Richard Ha writes:
Gourmet magazine has just ranked Alan Wong’s Restaurant in Honolulu as the Eighth Best Restaurant in America. That’s on its most recent list of the America’s Top 50 Restaurants, which it publishes every five years.
That’s pretty impressive, but Chef Alan—who uses Hamakua Springs tomatoes and lettuces at his restaurants—treats his farmers like they are the ones who are the celebrities. When Tracy and Kimo, the next generation of Hamakua Springs farmers, went to eat at his restaurant on O‘ahu recently, they were treated like celebrities.
The respect Chef Alan shows for the farm products we provide his restaurants has a big impact around here. Our people on the farm want to do a better job knowing that Chef Alan will handle our products in such a spectacular way.
When June and I attended the Tomato Fest in Carmel recently, we brought back some incredible new varieties of heirloom tomatoes. We cannot wait to harvest them and bring them to Chef Alan.

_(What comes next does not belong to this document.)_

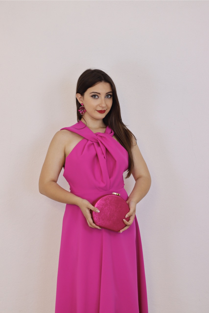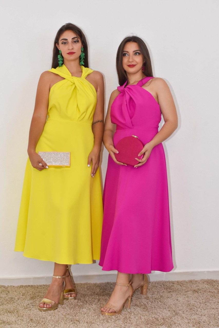 Este deslumbrante vestido de festa é a escolha ideal para quem procura um visual contemporâneo, elegante e cheio de personalidade. Com um design sofisticado e minimalista, o grande destaque desta peça reside no seu decote halter exclusivo, que apresenta um detalhe de nó estruturado no peito, criando um drapeado fluido que valoriza o colo de forma artística. Confeccionado num tecido de alta qualidade com um acabamento impecável, o modelo possui um corte acinturado que define a silhueta antes de abrir numa saia de cair elegante, garantindo conforto e liberdade de movimentos durante todo o evento.

Recently, Chef Alan invited me to sit in on a product development meeting with his staff. They were discussing lettuce, and I learned a lot about how important every lettuce leaf is. I pay attention now to each leaf in every salad I eat, and all because of the attention that Chef Alan pays to our products. He truly makes us better farmers.
We know that being named Eighth Best Restaurant in America is a big deal. And we know that Chef Alan makes us farmers want to do the best job we can do. For that, he’s number one in our book.